“Mental Speed Is High Until Age 60 As Revealed by Analysis of over a Million Participants”, Mischa Krause, Stefan T. Radev, Andreas Voss2022-02-17 ()⁠:

Response speeds in simple decision-making tasks begin to decline from early and middle adulthood. However, response times are not pure measures of mental speed but instead represent the sum of multiple processes.

Here we apply a Bayesian drift-diffusion model to extract interpretable cognitive components from raw response time data. We apply our model to cross-sectional data from 1.2 million participants to examine age differences in cognitive parameters. To efficiently parse this large dataset, we apply a Bayesian inference method for efficient parameter estimation using specialized neural networks.

Our results indicate that response time slowing begins as early as age 20, but this slowing was attributable to increases in decision caution and to slower non-decisional processes, rather than to differences in mental speed. Slowing of mental speed was observed only after ~age 60.

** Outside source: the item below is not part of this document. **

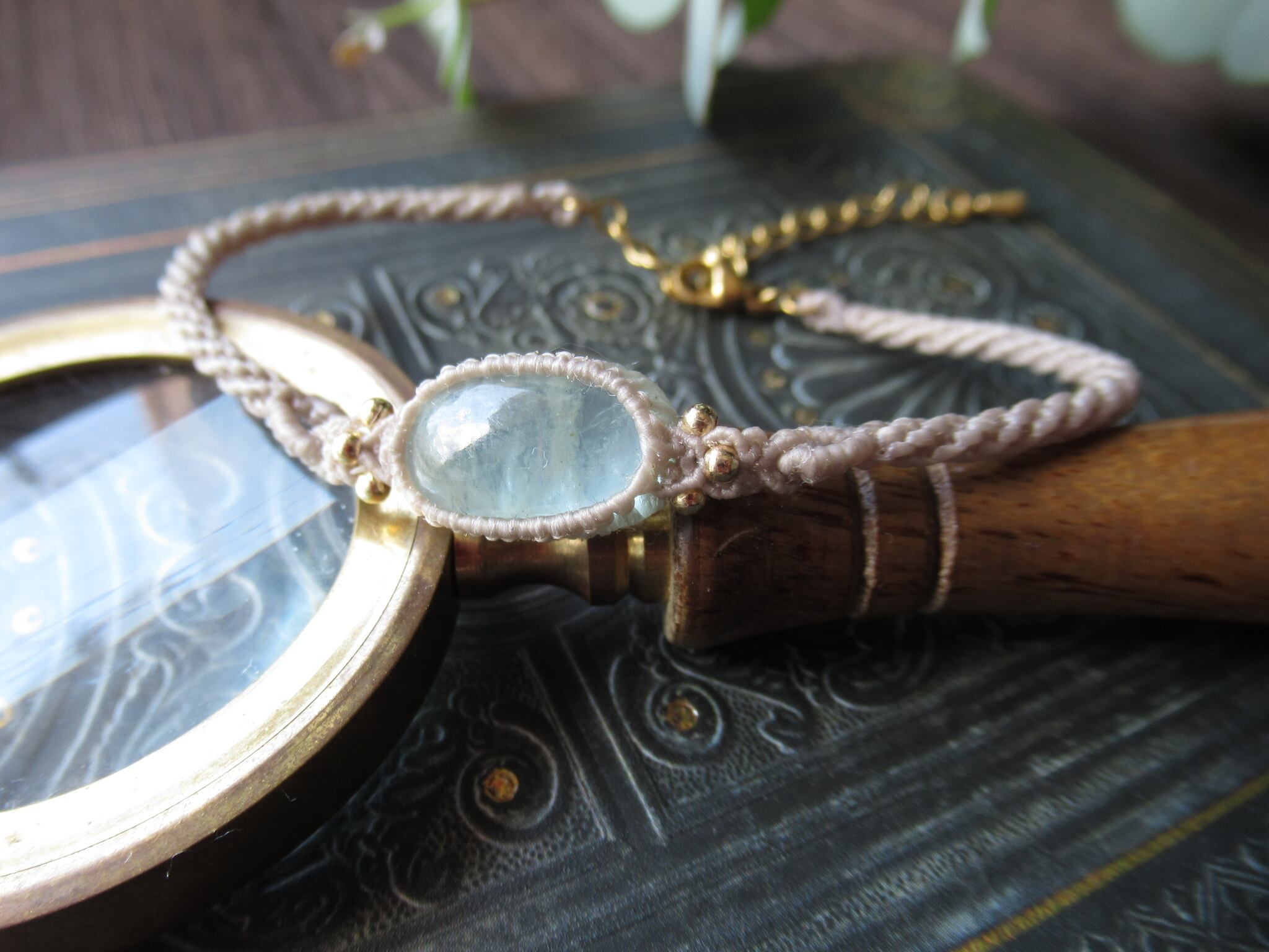 細長い四角形のルースを0.25mmの糸で丁寧にしっかりと編み込みました。左右は円筒形にすっきりと編み込み、チェーンと金具部分には医療用サージカルステンレスでチェーンブレスレットにお仕立てしています。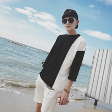 7七分袖T恤男士夏季宽松学生短袖韩版个性潮流BF风中袖日系上衣服

Our research thus challenges widespread beliefs about the relationship between age and mental speed.

Mental speed: Drift rates—that is, our proxy for measuring mental speed—increase notably from age 10 to 30 in our cross-sectional data (̄b = 0.034 until the first change point; 95% HDI, (0.033, 0.034)). After this, the mean values of drift rates remain fairly stable until age 60, showing little age-related difference during middle adulthood (|̄b| < 0.001; 95% HDI, (−0.001, 0.000)). Around age 60, an accelerated negative trend in mental speed commences, which holds until age 80 (̄b = −0.020; 95% HDI, (−0.021, −0.018)). Importantly, this inverted U-shaped pattern does not mirror the age patterns found for the other DM parameters and mean RTs. Our change points are estimated at ages 24 (posterior mean, 24.4; 95% HDI, (22.8, 26.2)) and 60 (posterior mean, 59.9; 95% HDI, (56.9, 62.8)).